Your goal
Each entry is to be retyped exactly as it appears, and each image is to be dropped.

*** Data to process ***

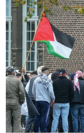
مظاهرات مؤيدة لفلسطين في برين

يعتبر حق التجمع والتظاهر من الحقوق المكفولة في المجتمعات الديمقراطية، حيث يُمكن للمواطنين التعبير عن آرائهم وقضاياهم علناً والتجمع بسلام. إنه أحد أسس المشاركة السياسية، ويتمتع بحماية خاصة من الدستور.
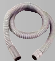
BD 用ダクトホースセット φ25-2m ¥5,720 (税込)
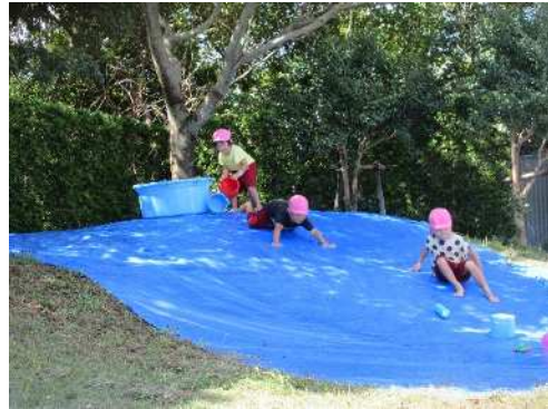
残暑厳しい9月、ウォーターライダーでもダイナミックにたくさん遊びました。
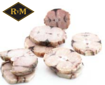
Emperador Fte. RyM. 203 00751
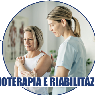
FISIOTERAPIA E RIABILITAZIONE
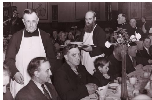
Souper du pauvre dans le sous-sol de l'église Saint-Pierre Apôtre.

À Montréal, c'est dans la paroisse Saint-Pierre Apôtre que nous suivons le parcours des Oblats. Arrivés en 1848, les missionnaires ont érigé une œuvre paroissiale originale auprès d'une population ouvrière défavorisée. Encore aujourd'hui, la communauté chrétienne de Saint-Pierre Apôtre et de Sainte-Brigide se distingue par son ouverture envers les exclus et les personnes gaies. Le Centre St-Pierre porte également l'héritage de cette communauté.
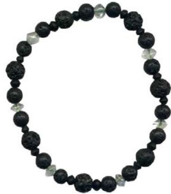
10AD-108sp quartz volcano suutra* (small)
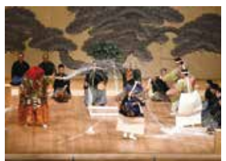
藝大プロジェクト2022「藝大百鬼夜行」より

仮面が持つこの奥深い魅力をご堪能いただくべく、10/21(土)の第1回はアジアの仮面舞踊を中心に、11/25(土)の第2回では16~18世紀ヨーロッパで隆盛を迎えたコメディ・デラルテ(仮面即興劇)をお送りする予定です。どうぞお楽しみに!
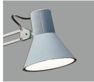
Z-108N GY グレー
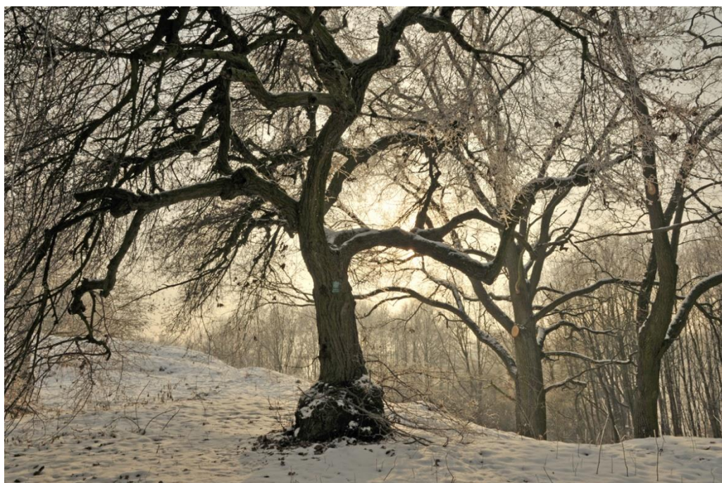
Fot. Pomnik przyrody – lipa drobnolistna o specyficznym pokroju – leśnictwo Rożniaty

W celach promocyjnych oraz edukacyjnych nt. ciekawostek przyrodniczych kryjących się w kujawskich lasach jednostka wydała w 2023 r. broszurę pt. MIRADZKIE SKARBY – Pomniki przyrody Nadleśnictwa Miradz w Gminie Strzelno.
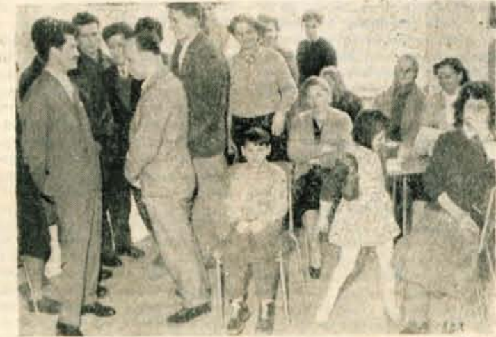
Gneča v splošnih ambulantah je iz dneva v dan večja

Mogoče bi se dalo vzpostaviti red z ureditvijo, podobno ureditvam v zobnih ambulantah. S tem bi odpadlo neupravičeno vednevo čakanje, odpadla bi
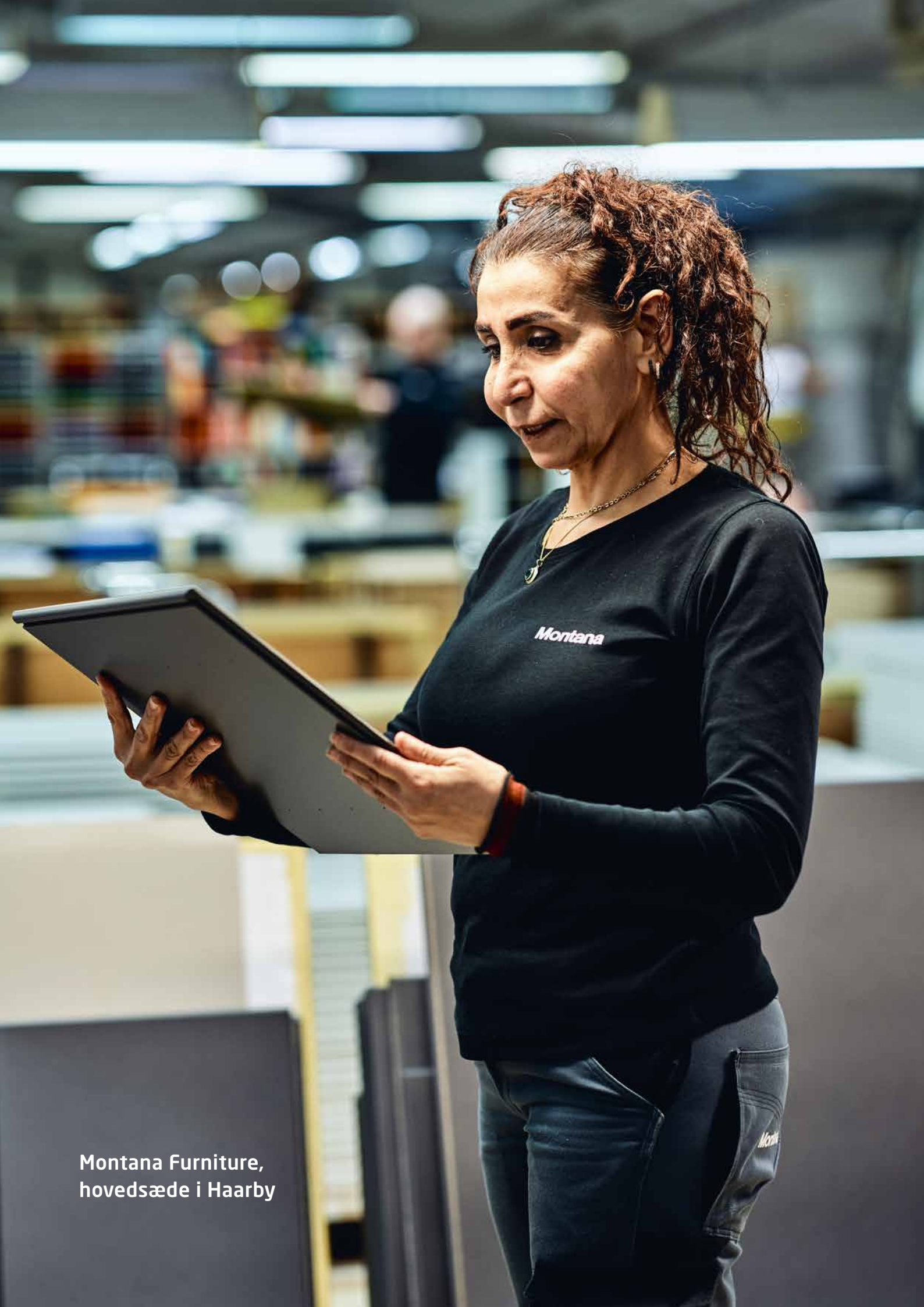
Montana Furniture, hovedsæde i Haarby

*** End of Data to process ***

Result
مظاهرات مؤيدة لفلسطين في برين

يعتبر حق التجمع والتظاهر من الحقوق المكفولة في المجتمعات الديمقراطية، حيث يُمكن للمواطنين التعبير عن آرائهم وقضاياهم علناً والتجمع بسلام. إنه أحد أسس المشاركة السياسية، ويتمتع بحماية خاصة من الدستور.
BD 用ダクトホースセット φ25-2m ¥5,720 (税込)
残暑厳しい9月、ウォーターライダーでもダイナミックにたくさん遊びました。
Emperador Fte. RyM. 203 00751
FISIOTERAPIA E RIABILITAZIONE
Souper du pauvre dans le sous-sol de l'église Saint-Pierre Apôtre.

À Montréal, c'est dans la paroisse Saint-Pierre Apôtre que nous suivons le parcours des Oblats. Arrivés en 1848, les missionnaires ont érigé une œuvre paroissiale originale auprès d'une population ouvrière défavorisée. Encore aujourd'hui, la communauté chrétienne de Saint-Pierre Apôtre et de Sainte-Brigide se distingue par son ouverture envers les exclus et les personnes gaies. Le Centre St-Pierre porte également l'héritage de cette communauté.
10AD-108sp quartz volcano suutra* (small)
藝大プロジェクト2022「藝大百鬼夜行」より

仮面が持つこの奥深い魅力をご堪能いただくべく、10/21(土)の第1回はアジアの仮面舞踊を中心に、11/25(土)の第2回では16~18世紀ヨーロッパで隆盛を迎えたコメディ・デラルテ(仮面即興劇)をお送りする予定です。どうぞお楽しみに!
Z-108N GY グレー
Fot. Pomnik przyrody – lipa drobnolistna o specyficznym pokroju – leśnictwo Rożniaty

W celach promocyjnych oraz edukacyjnych nt. ciekawostek przyrodniczych kryjących się w kujawskich lasach jednostka wydała w 2023 r. broszurę pt. MIRADZKIE SKARBY – Pomniki przyrody Nadleśnictwa Miradz w Gminie Strzelno.
Gneča v splošnih ambulantah je iz dneva v dan večja

Mogoče bi se dalo vzpostaviti red z ureditvijo, podobno ureditvam v zobnih ambulantah. S tem bi odpadlo neupravičeno vednevo čakanje, odpadla bi
Montana Furniture, hovedsæde i Haarby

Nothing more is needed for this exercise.